Look in the data below for the line that has "Dünya genelinde sevginin", then print exactly every line from there through the line that has "#HalachaYomi OC 397:9", leaving pictures out.
::: EXERCISE DATA
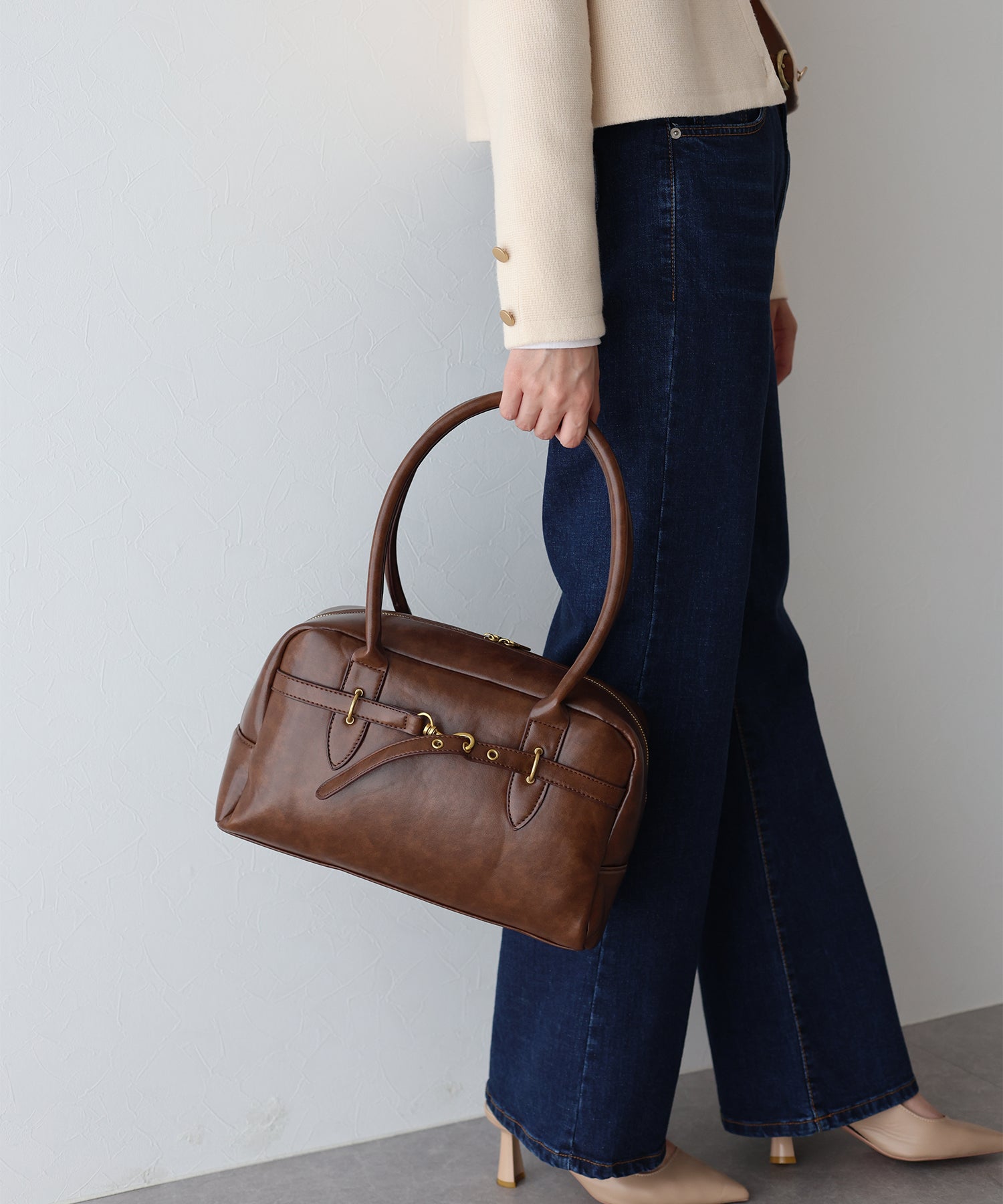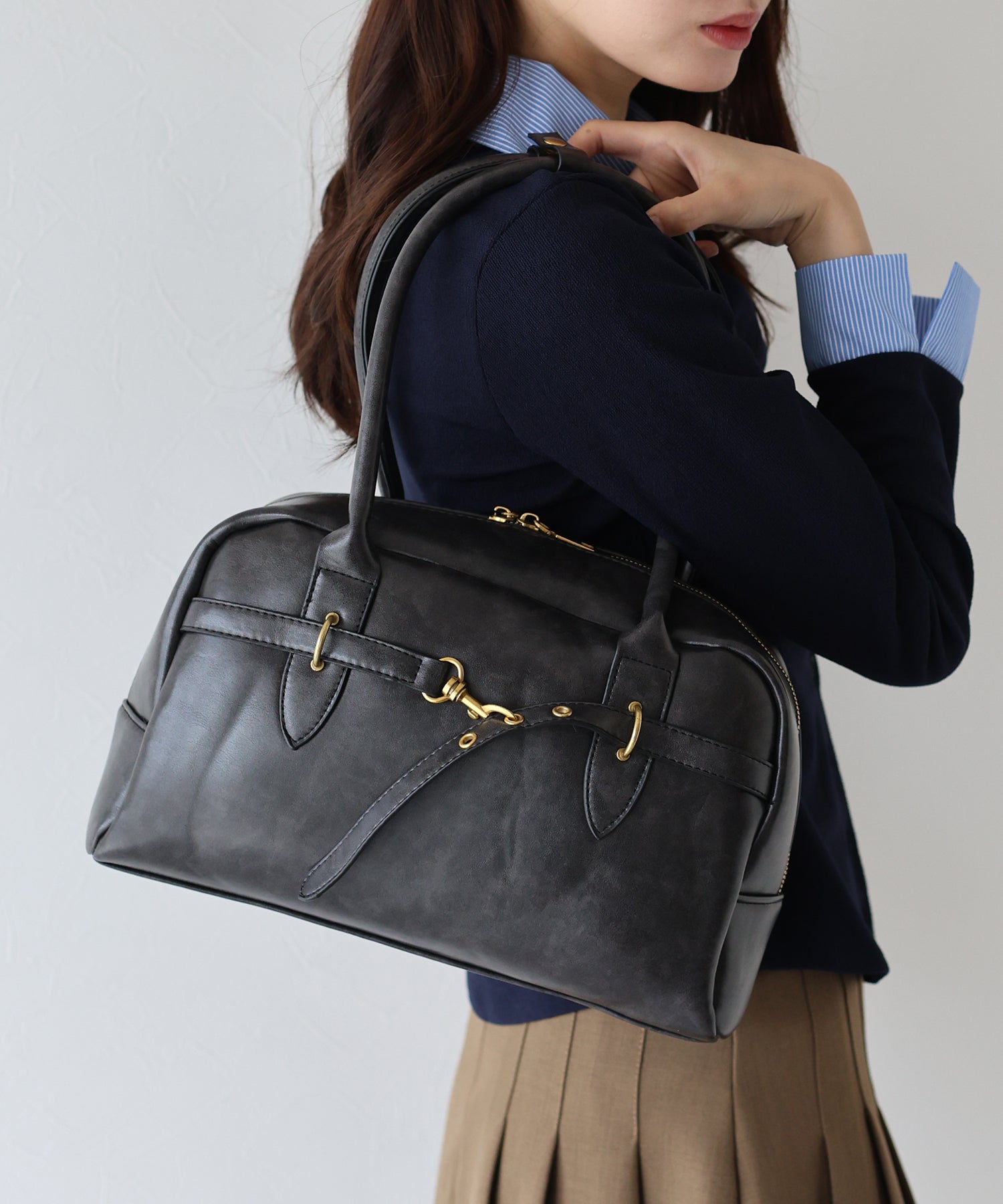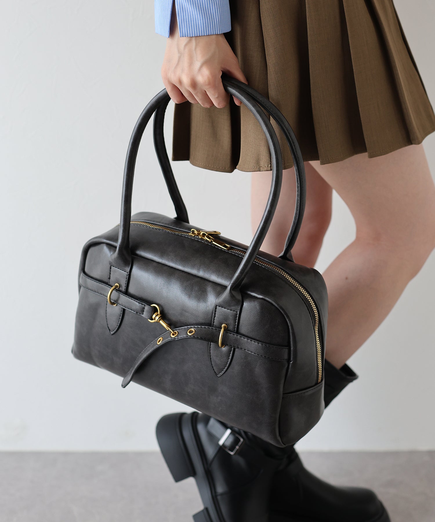 ベルトデザインでモードな雰囲気をプラスしたヴィンテージ風バッグ
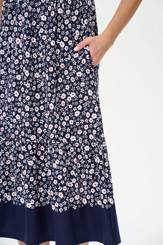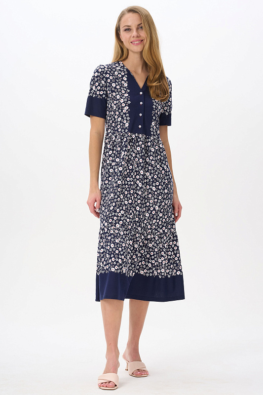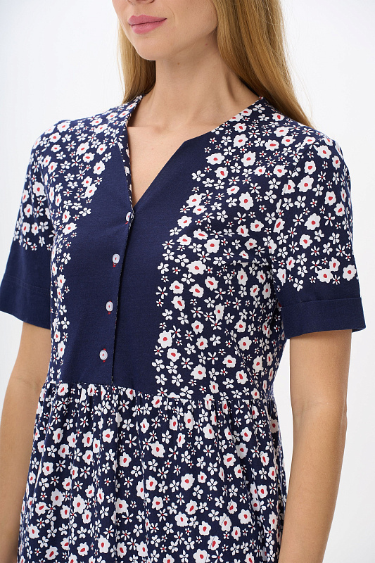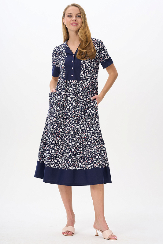 Платье расклешенного силуэта из хлопкового трикотажного полотна. Вырез горловины V- образной формы, застежка на пуговицы, в боковых швах карманы. Короткие втачные рукава. Длина изделия ниже колена. Рост модели 178см.
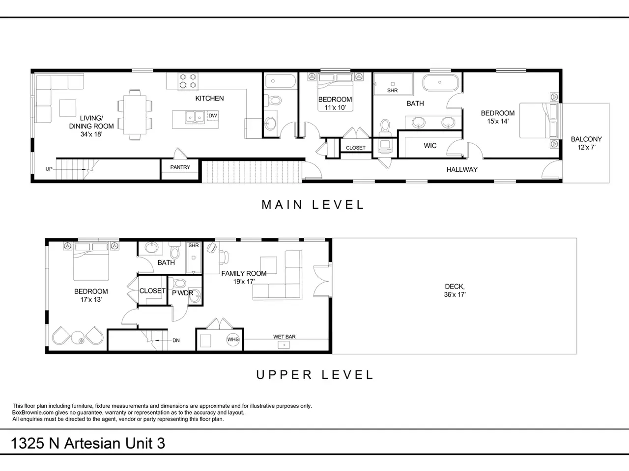 Welcome to move-in ready 1325 N Artesian, West Town's premier ground up new construction development. This penthouse duplex is a can't miss with luxury upgrades at every turn (2,400 sq ft + 600+ sq ft private roof deck). Walk into the entertainer's kitchen - a paneled ready Thermador appliance package, custom European cabinetry, waterfall granite countertops, counter depth refrigerator, undermount lighting, microwave drawer, pendant lighting, soaring ceilings, and a large island. Show-stopping floor-to-ceiling windows shine light throughout the open-concept family/kitchen space. Luxury feature list includes a built-in custom cubby/mudroom nook, top floor family room with wet bar w/custom-built ins/floating shelves. Primary suite #1 extra-large WIC, W/D, spa soaking tub, and private balcony with a view. Primary Suite #2 features floor to ceiling windows, 2 WIC's, and custom quartz bath finishes. An expansive private roof deck provides green space, entertaining space, happiness and more. Top notch capex includes tankless water heater, high efficiency mechanicals & humidifier. Two private outdoor spaces, carport garage space with EV charger, one year builder's warranty, ready to close now. Enjoy all that West Town and Wicker Park has to offer from a quiet, tree-lined block. Run, don't walk.
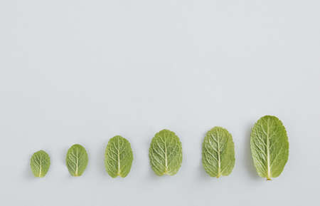 Fresh green leaves arranged in a row on the bright white background. Flat lay idea.
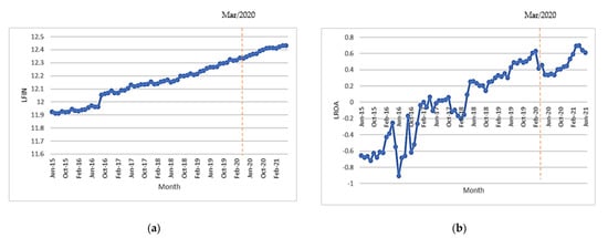 To understand the behavior of both financing and ROA, we first studied their trend and possible structural change especially due to the COVID-19 pandemic. Note that we worked on the log-scale of financing and ROA, respectively named LFIN and LROA (See also Section 2.1). Figure 2 shows that LROA and LFIN have a clear increasing trend, which indicates that Indonesia Islamic Commercial Bank would handle their role as an intermediation institution properly over a long-term period. However, according to the fluctuations, both variables have a pattern that undergoes structural changes. Structural change of LFIN seems to only occur in September 2016 mainly due to the increasing of community savings and deposits which triggers the banks to improve the distribution of financing to the community []. We observe that the pattern of LFIN does not show an obvious change during the pandemic, which might indicate that the amount of financing is still under control during the pandemic. At least two reasons could explain this finding: (1) Some debtors received financing during the pandemic but were approved before the pandemic, and (2) Islamic Commercial Banks continue distributing financing during the pandemic, but consider applying stricter rules and are more selective in terms of grant debtors and sectors []. Meanwhile, structural changes of LROA have occurred in many periods, especially during the pandemic when LROA dropped from March 2020 to November 2020 (Figure 2b). This could be due to the financing restructuring policies during the pandemic such as delays in payment installments and margin payment waivers for debtors or companies that are affected by the pandemic []. Thus, the profit of Islamic Commercial Banks reduces, leading to the decreasing of ROA.
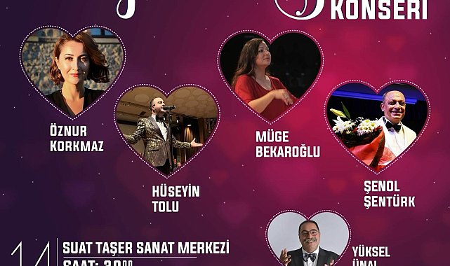 Dünya genelinde sevginin ve aşkın günü olarak kutlanan 14 Şubat'ta Karşıyakalı sevilen sanatçılar da aşk şarkılarını seslendirecekKarşıyaka Belediyesi tarafından Suat Taşer Sanat Merkezi’nde gerçekleştirilecek ‘14 Şubat Sevgililer Günü Konseri’nde en güzel aşk şarkıları seslendirilecek. Karşıyaka Belediyesi, 14 Şubat Sevgililer Günü’nde de anlamlı bir konsere ev sahipliği yapacak. Yüksel Ünal’ın kendine has sunumuyla, Suat Taşer Sanat Merkezi’nde gerçekleşecek konserde, Karşıyakalı sevilen sanatçılar Öznur Korkmaz, Hüseyin Tolu, Müge Bekaroğlu ve Şenol Şentürk sahne alacak. 14 Şubat Çarşamba günü saat 20.00’da başlayacak konser, tüm yurttaşların katılımına açık ve ücretsiz olacak.17 KİŞİLİK DEV ORKESTRAGecede sanatçılar, Pop Müziği’nden Türk Sanat Müziği’ne kadar farklı türlerden sevda şarkıları ile her kesime hitap eden bir repertuvar sunacak. Sanatçılara 17 kişilik dev bir orkestra eşlik edecek. Konserin sunumunu üstlenen Yüksel Ünal da okuyacağı şiirler ve anlatılarıyla buluşmaya renk katacak.Karşıyakalılara unutulmaz bir şölen yaşatmak için yoğun provalarını sürdüren sanatçılar “14 Şubat Sevgililer Günü’nde aşkın sanat haliyle Karşıyaka’da buluşacağız. En güzel sevda şarkılarını hep birlikte, coşkuyla seslendireceğiz. Unutulmaz bir geceye ortak olmak ve şarkılarımıza eşlik etmek isteyen herkesi bekliyoruz” dedi.
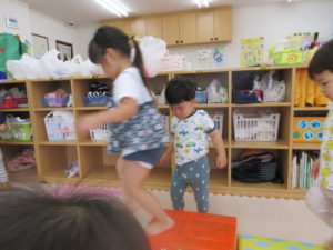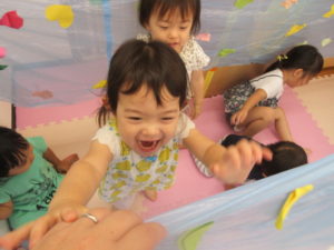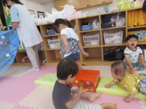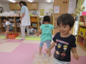 お盆休みのお友だちが多く、今日は 人数が少ないので一緒に過ごしました。
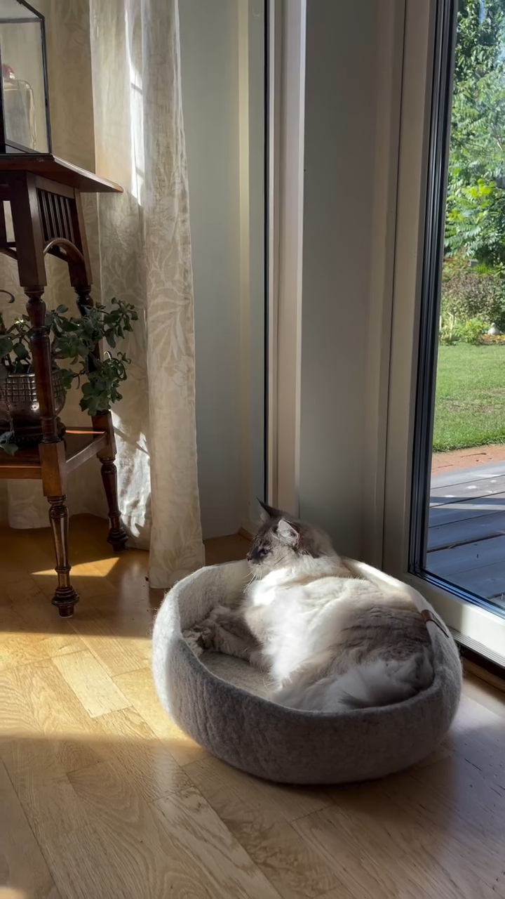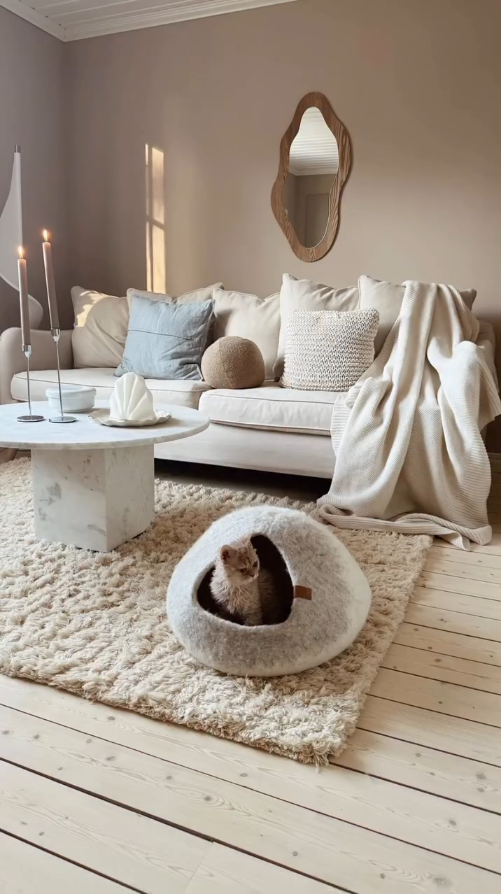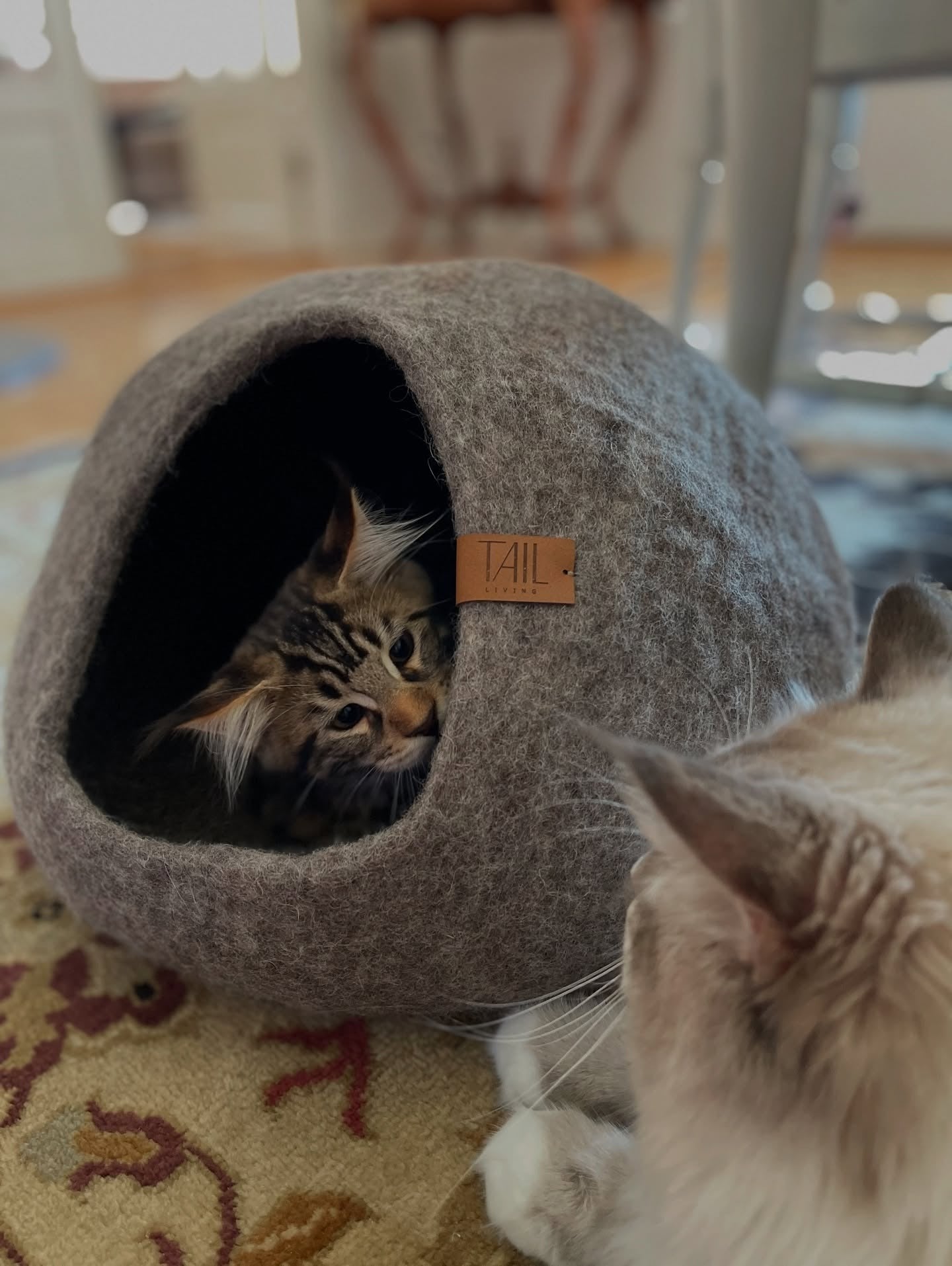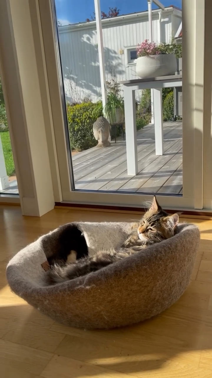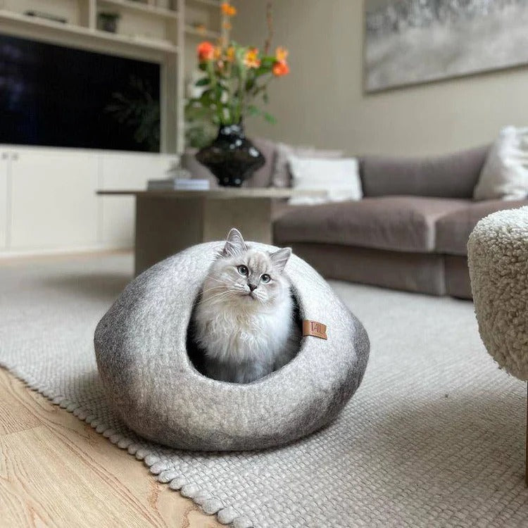 Synthetische Betten können Wärme und Feuchtigkeit speichern, was dazu führen kann, dass Katzen unruhig werden oder das Bett ganz meiden. Natürliche Materialien wie Wolle hingegen sind atmungsaktiv und leiten Feuchtigkeit auf natürliche Weise ab, während sie vertraute, beruhigende Gerüche bewahren – und so einen gemütlichen, sicheren und einladenden Platz für Ihre Katze schaffen.
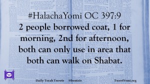 #HalachaYomi OC 397:9 2 people borrowed coat, 1 for morning, 2nd for afternoon, both can only use in area that both can walk on Shabat.
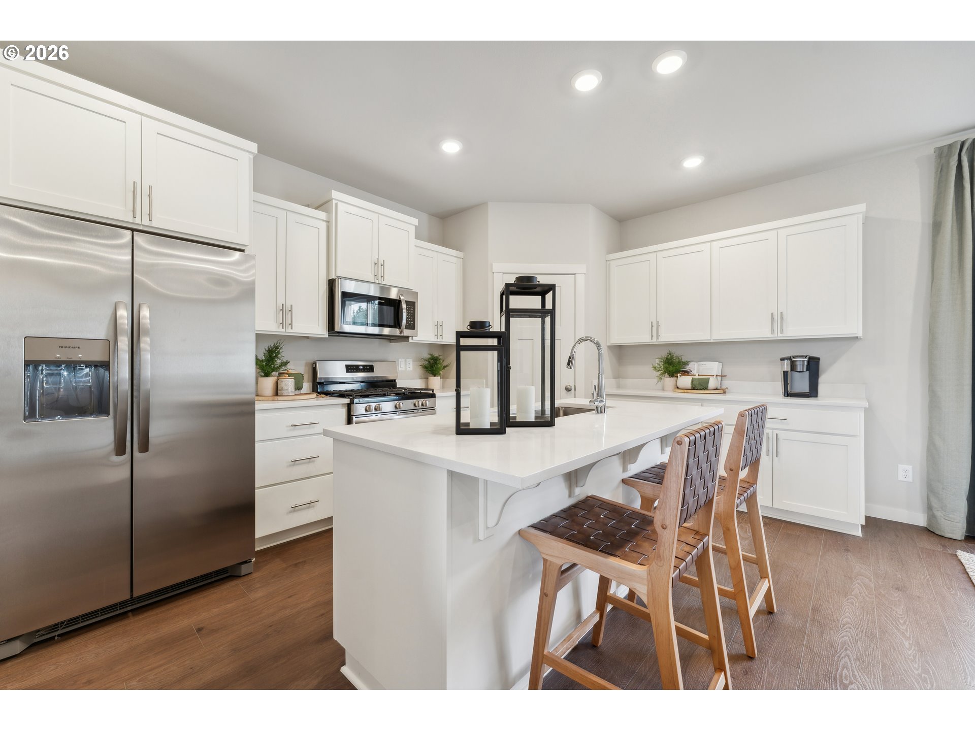 Rare opportunity to own a never-lived-in Hazel model by Lennar in the highly sought-after Parkview Terrace community in Forest Grove! This 3 bed, 2.5 bath, 2,263 sq ft three-story home offers a versatile, modern layout with designer upgrades throughout. The first level features a flexible bonus room—perfect for a media space, home office, or guest retreat. The main level showcases an open-concept great room, dining area, and kitchen with seamless access to the patio, plus a private den tucked away for added functionality.The kitchen is beautifully appointed with quartz countertops, shaker-style cabinetry with crown molding, stainless steel appliances including a gas range and refrigerator, undermount sink, Moen pull-down faucet, and LED recessed lighting.Upstairs, you’ll find all three bedrooms, including a spacious owner’s suite featuring a walk-in closet, dual sinks, quartz vanity, and a well-appointed ensuite bath.Step outside to enjoy the large, fully fenced and usable backyard with patio—ideal for entertaining, pets, or everyday outdoor living.Additional features include washer & dryer, luxury vinyl tile flooring in baths and laundry, designer exterior color scheme, and a 2-car garage (conversion to be completed prior to closing). Model home furniture is negotiable.Move-in ready, never occupied, and loaded with upgrades—this is a rare model home resale opportunity. Appointment required for showings.
::::::
EXERCISE SOLUTION >>
 Dünya genelinde sevginin ve aşkın günü olarak kutlanan 14 Şubat'ta Karşıyakalı sevilen sanatçılar da aşk şarkılarını seslendirecekKarşıyaka Belediyesi tarafından Suat Taşer Sanat Merkezi’nde gerçekleştirilecek ‘14 Şubat Sevgililer Günü Konseri’nde en güzel aşk şarkıları seslendirilecek. Karşıyaka Belediyesi, 14 Şubat Sevgililer Günü’nde de anlamlı bir konsere ev sahipliği yapacak. Yüksel Ünal’ın kendine has sunumuyla, Suat Taşer Sanat Merkezi’nde gerçekleşecek konserde, Karşıyakalı sevilen sanatçılar Öznur Korkmaz, Hüseyin Tolu, Müge Bekaroğlu ve Şenol Şentürk sahne alacak. 14 Şubat Çarşamba günü saat 20.00’da başlayacak konser, tüm yurttaşların katılımına açık ve ücretsiz olacak.17 KİŞİLİK DEV ORKESTRAGecede sanatçılar, Pop Müziği’nden Türk Sanat Müziği’ne kadar farklı türlerden sevda şarkıları ile her kesime hitap eden bir repertuvar sunacak. Sanatçılara 17 kişilik dev bir orkestra eşlik edecek. Konserin sunumunu üstlenen Yüksel Ünal da okuyacağı şiirler ve anlatılarıyla buluşmaya renk katacak.Karşıyakalılara unutulmaz bir şölen yaşatmak için yoğun provalarını sürdüren sanatçılar “14 Şubat Sevgililer Günü’nde aşkın sanat haliyle Karşıyaka’da buluşacağız. En güzel sevda şarkılarını hep birlikte, coşkuyla seslendireceğiz. Unutulmaz bir geceye ortak olmak ve şarkılarımıza eşlik etmek isteyen herkesi bekliyoruz” dedi.
 お盆休みのお友だちが多く、今日は 人数が少ないので一緒に過ごしました。
 Synthetische Betten können Wärme und Feuchtigkeit speichern, was dazu führen kann, dass Katzen unruhig werden oder das Bett ganz meiden. Natürliche Materialien wie Wolle hingegen sind atmungsaktiv und leiten Feuchtigkeit auf natürliche Weise ab, während sie vertraute, beruhigende Gerüche bewahren – und so einen gemütlichen, sicheren und einladenden Platz für Ihre Katze schaffen.
 #HalachaYomi OC 397:9 2 people borrowed coat, 1 for morning, 2nd for afternoon, both can only use in area that both can walk on Shabat.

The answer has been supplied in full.